Em compensação, países europeus e os Estados Unidos cometerem erros
fatais, somam mortos às dezenas – ou centenas, no caso americano – de
milhares, revelaram lideranças fracas e vão se ferrar mais ainda com
descalabro econômico.
São argumentos fortes justamente porque têm elementos verdadeiros. A
tática do Lobo Guerreiro é antiga e executada com disciplina máxima.
A tática do Loiro Guerreiro na Casa Branca também tem lógica: os
chineses armaram, nem que tenha sido involuntariamente, em parte, um
agente patológico perfeito para tentar deixar os Estados Unidos de
joelhos.
Mais: “A China vai fazer qualquer coisa que possa para me fazer perder a eleição”.

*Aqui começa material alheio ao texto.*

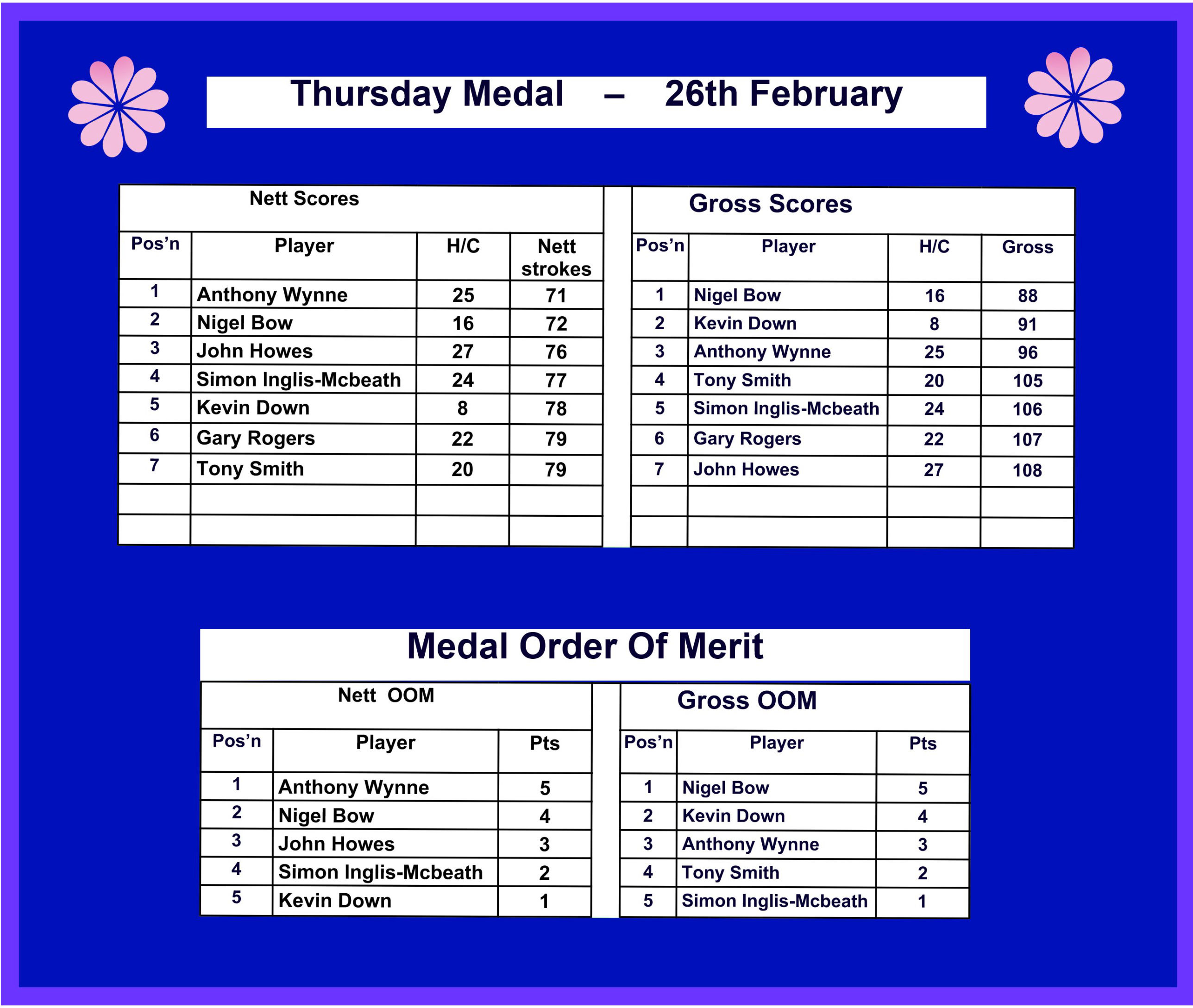 Thursday 26th February - Medal: Won by Tony Wynne (Nett 71) and Nigel Bow (Gross 88). See the panel below for the detailed results and OOMs.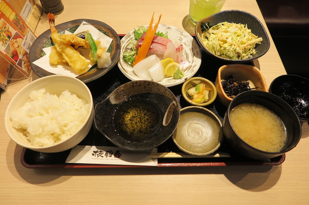 2020年にオープンした「日比谷グルメゾン」の一角にあるお店です。オフィス街の週末の昼、コロナの影響、知名度などもあってか、お客さんは私だけでした。“板前バル”というコンセプトのお店の雰囲気が気になって入店してみたのですが、洋風の軽い感じの店内に本格的和食、ミスマッチと感じましたので、あえて2度目はないかな。「お刺身と天婦羅の御膳」は関西風の味で良かったのですが、ランチで1600円であれば、立派なデザートやコーヒー・紅茶が付いていて欲しかったなぁ。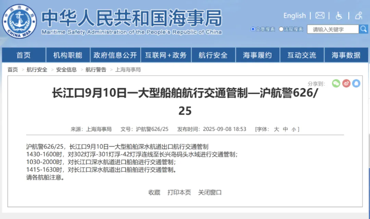 9月8日,上海海事局发布航行警告,预告本月10日将有船只通过“大型船舶深水航道出口”,时间在下午2时30分至4时30分之间。当时就有分析认为,这似乎就是福建舰将再次离港的信号。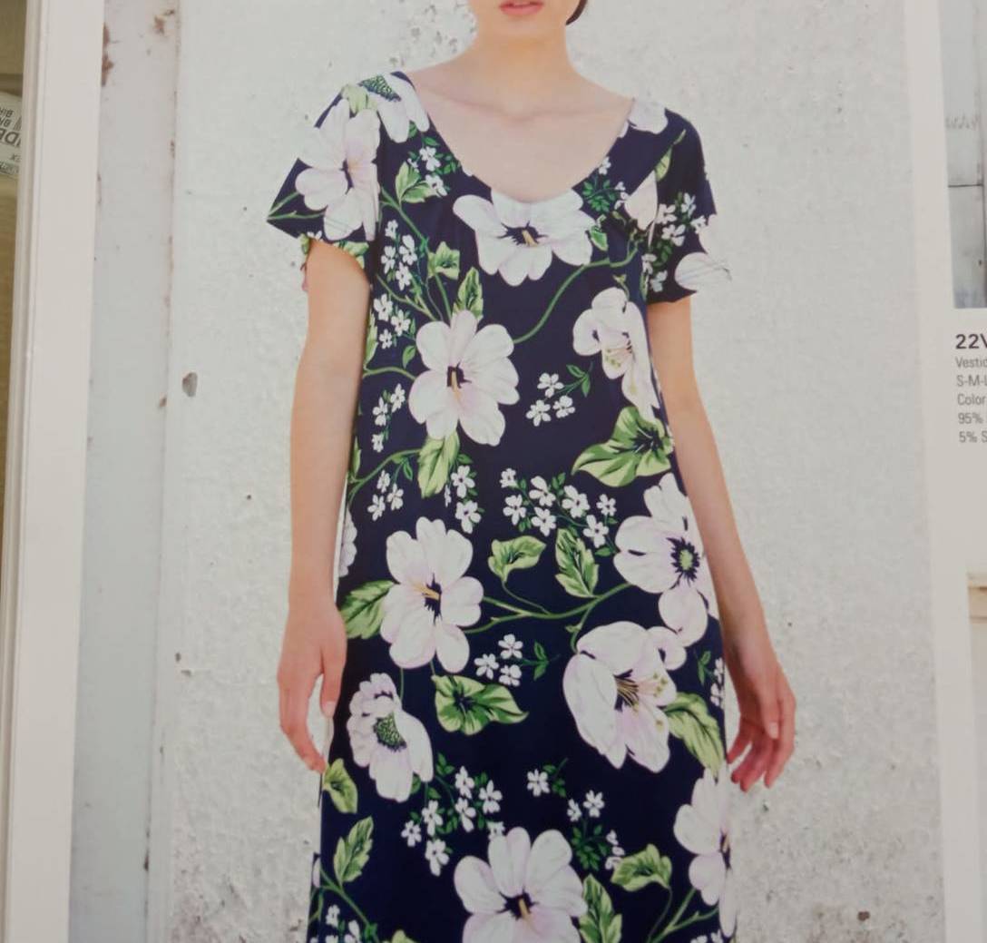 Tirante zuriz jantzita, gasa estanpatuarekin.
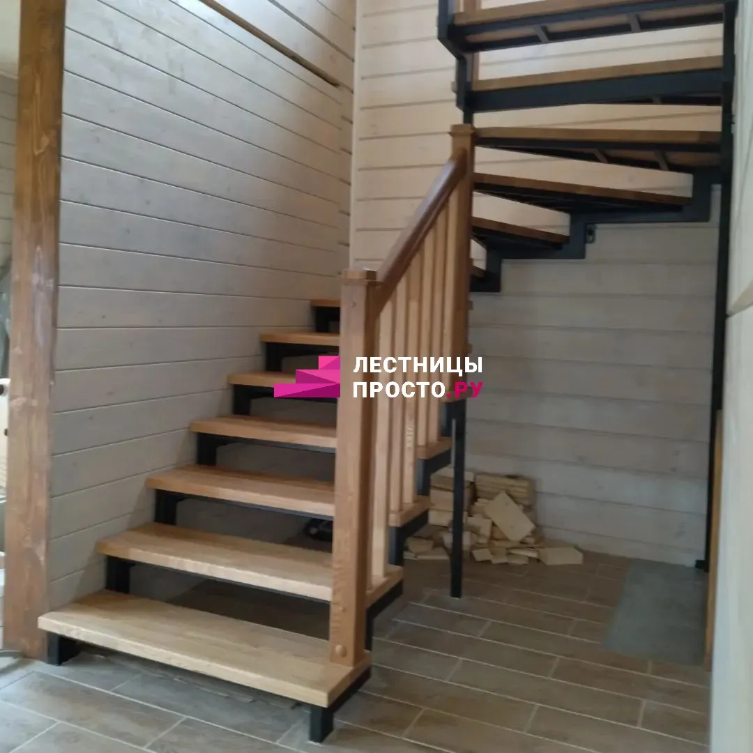 Металлическая лестница с дубовыми ступенями и ограждением LP-1-20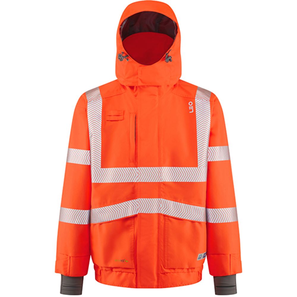 Leo Workwear Dartmoor Orange EcoViz 15K Mesh Lined Waterproof Breathable Hi Vis Bomber Jacket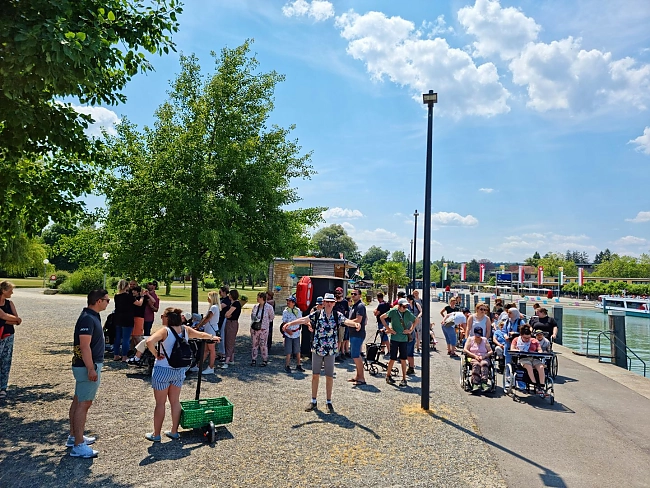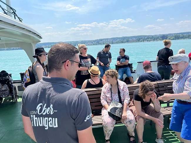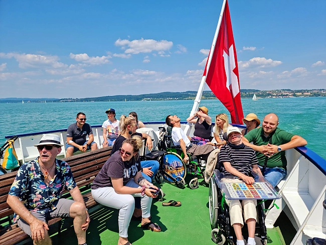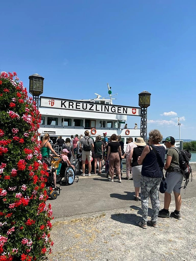 Am 17. Juni traf dann ein ganzer Fahrzeugkonvoi der Vivala am Hafen in Kreuzlingen ein. Es bedarf einer ungeheuren Organisation und Planung, einen Ausflug mit so vielen beeinträchtigten Menschen inklusive. Rollstühlen etc. durchzuführen. Ein herzliches Dankeschön gilt hier insbesondere auch den Betreuern und Helfern der Stiftung Vivala, die uns an diesem Tag eindrucksvoll unterstützten!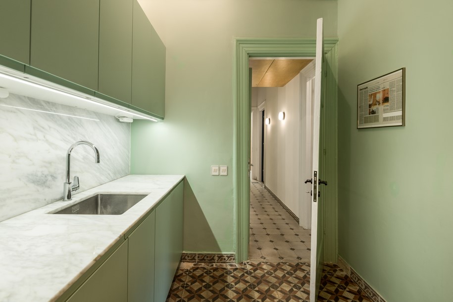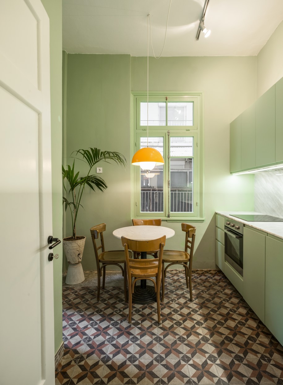 While the layout of the apartment was not changed during the renovation, Giannikis fitted an entirely new kitchen, shower room and WC with new flooring and sanitary fittings.

Palavras do próprio Trump, perfeitamente ciente de que um inimigo
externo capaz de matar mais de 200 mil americanos sufocados por pulmões
devastados e paralisar a maior economia do mundo é um instrumento
eleitoral poderoso.
Brutalmente atingido por uma crise de dimensões únicas, sem contar os
próprios tiros no pé que dispara regularmente, Trump vai usar cada vez
mais os ataques contra a China como forma de tirar de suas costas
qualquer responsabilidade pela desgraça.
Xi Jinping
e seu exército de agentes em todos os setores vão tentar explorar as
fragilidades reveladas pelas grandes democracias para não só expandir os
interesses chineses como pregar a superioridade de seu sistema.
Em Rambo III, tem uma cena que virou icônica.
“Quem é você?”, pergunta um coronel russo, o vilão, ao fortão de camisetinha.
“Seu pior pesadelo”, responde Rambo.
Quem está se infiltrando nos sonhos de Trump no momento certamente é o
“vírus chinês” e todo seu elenco de consequências inconcebíveis – do
ponto de vista dele, em especial, perder a reeleição e ainda por cima
para um conhecido sinófilo chamado Joe Biden.
Mas talvez o Lobo Guerreiro tenha dado um bote grande demais para sua
boca. Talvez tenha acreditado demais na máxima de Sun Tzu de que “a
glória suprema é quebrar a resistência do inimigo sem lutar”.
No detestável mundo novo criado pela pandemia, esse confronto entre
China e Estados Unidos, que era uma espécie de doença pré-existente
administrável pelos interesses mútuos em fazer negócios e ganhar
dinheiro, caminha para a fase de síndrome aguda.